* _WHAT TO PRODUCE_: Omit the pictures. Print each entry below exactly.
━━━━
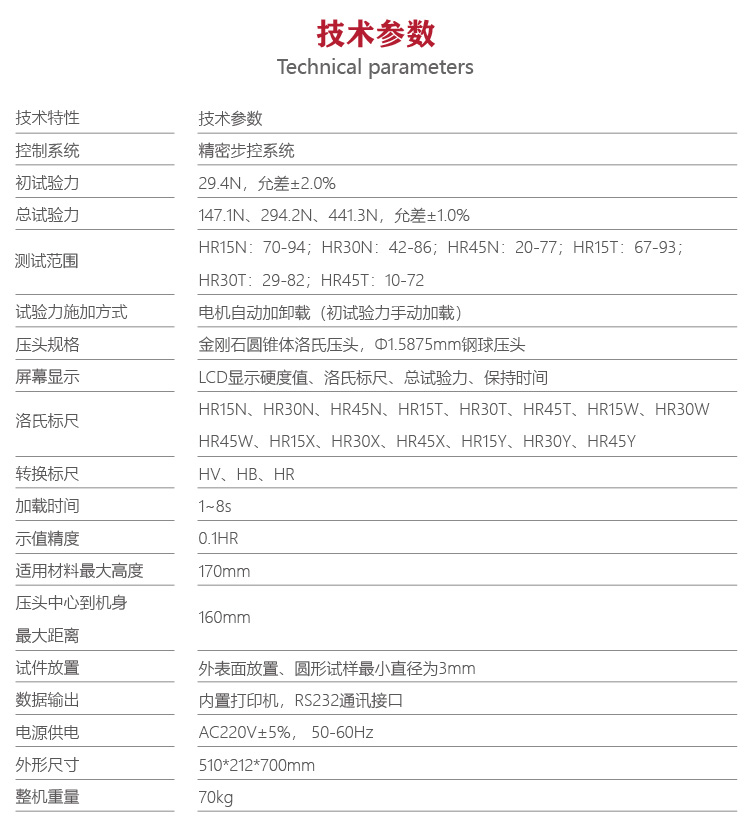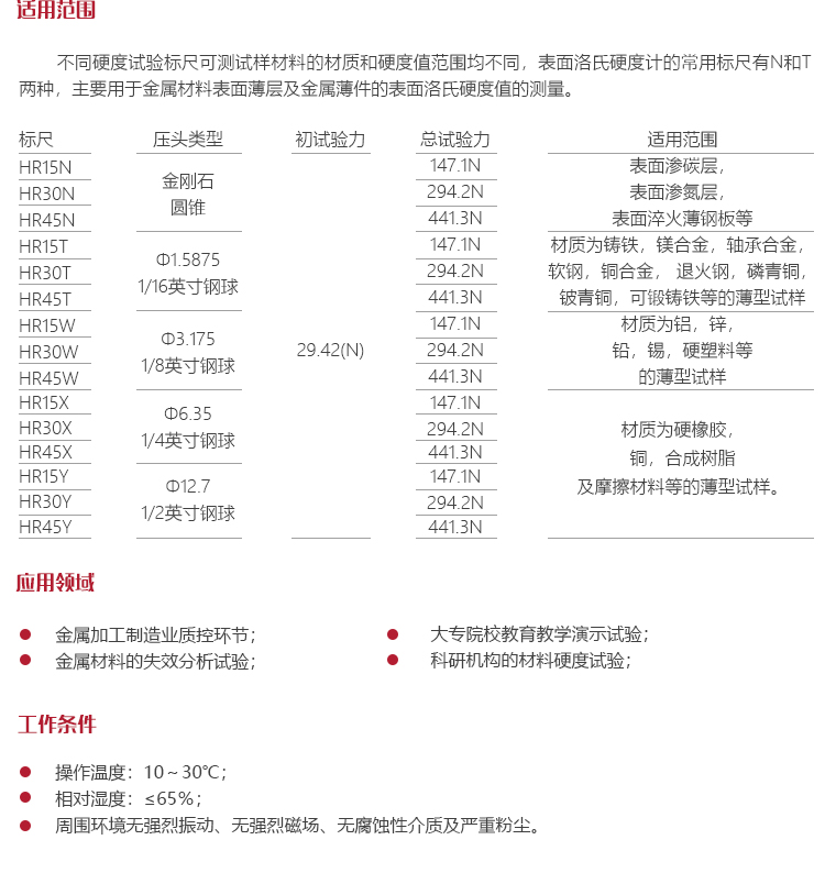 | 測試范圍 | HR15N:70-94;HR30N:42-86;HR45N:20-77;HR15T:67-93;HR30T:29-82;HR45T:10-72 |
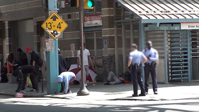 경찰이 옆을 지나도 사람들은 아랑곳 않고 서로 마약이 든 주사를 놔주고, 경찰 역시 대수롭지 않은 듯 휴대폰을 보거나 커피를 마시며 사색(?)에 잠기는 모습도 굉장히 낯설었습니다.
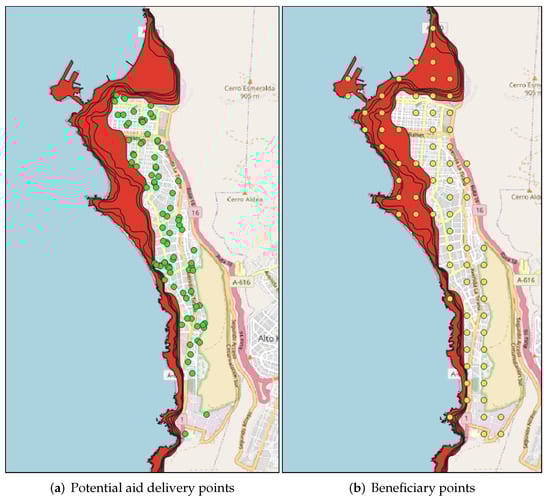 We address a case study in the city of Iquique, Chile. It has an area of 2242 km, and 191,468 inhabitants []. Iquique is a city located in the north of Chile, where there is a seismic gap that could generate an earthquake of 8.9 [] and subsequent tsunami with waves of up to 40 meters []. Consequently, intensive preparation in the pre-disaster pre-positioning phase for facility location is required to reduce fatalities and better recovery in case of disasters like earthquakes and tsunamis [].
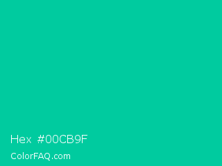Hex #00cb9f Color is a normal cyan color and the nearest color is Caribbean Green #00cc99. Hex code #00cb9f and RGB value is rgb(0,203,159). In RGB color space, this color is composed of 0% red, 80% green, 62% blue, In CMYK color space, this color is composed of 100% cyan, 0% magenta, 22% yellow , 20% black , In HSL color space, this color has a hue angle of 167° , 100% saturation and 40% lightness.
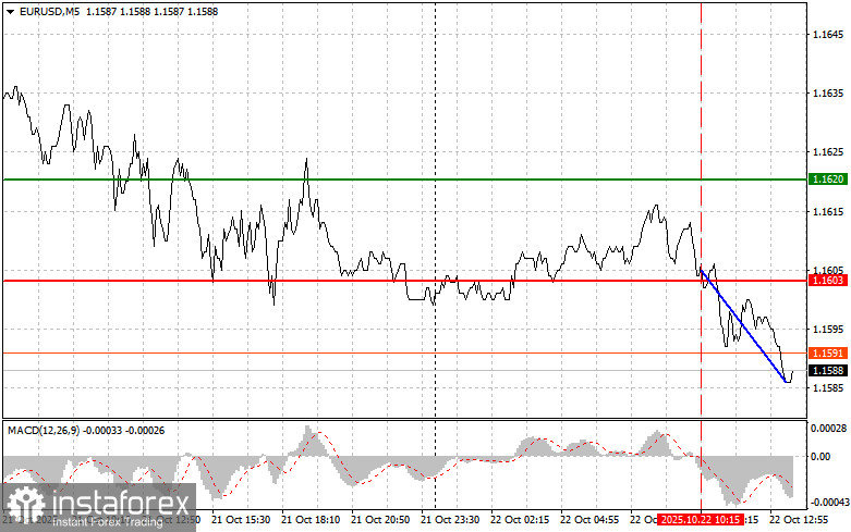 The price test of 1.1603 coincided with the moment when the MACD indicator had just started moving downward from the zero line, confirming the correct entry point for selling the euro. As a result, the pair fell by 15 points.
━━━━
* _SOLUTION TO THIS PROBLEM_:
 | 測試范圍 | HR15N:70-94;HR30N:42-86;HR45N:20-77;HR15T:67-93;HR30T:29-82;HR45T:10-72 |
 경찰이 옆을 지나도 사람들은 아랑곳 않고 서로 마약이 든 주사를 놔주고, 경찰 역시 대수롭지 않은 듯 휴대폰을 보거나 커피를 마시며 사색(?)에 잠기는 모습도 굉장히 낯설었습니다.
 We address a case study in the city of Iquique, Chile. It has an area of 2242 km, and 191,468 inhabitants []. Iquique is a city located in the north of Chile, where there is a seismic gap that could generate an earthquake of 8.9 [] and subsequent tsunami with waves of up to 40 meters []. Consequently, intensive preparation in the pre-disaster pre-positioning phase for facility location is required to reduce fatalities and better recovery in case of disasters like earthquakes and tsunamis [].
Hex #00cb9f Color is a normal cyan color and the nearest color is Caribbean Green #00cc99. Hex code #00cb9f and RGB value is rgb(0,203,159). In RGB color space, this color is composed of 0% red, 80% green, 62% blue, In CMYK color space, this color is composed of 100% cyan, 0% magenta, 22% yellow , 20% black , In HSL color space, this color has a hue angle of 167° , 100% saturation and 40% lightness.
 The price test of 1.1603 coincided with the moment when the MACD indicator had just started moving downward from the zero line, confirming the correct entry point for selling the euro. As a result, the pair fell by 15 points.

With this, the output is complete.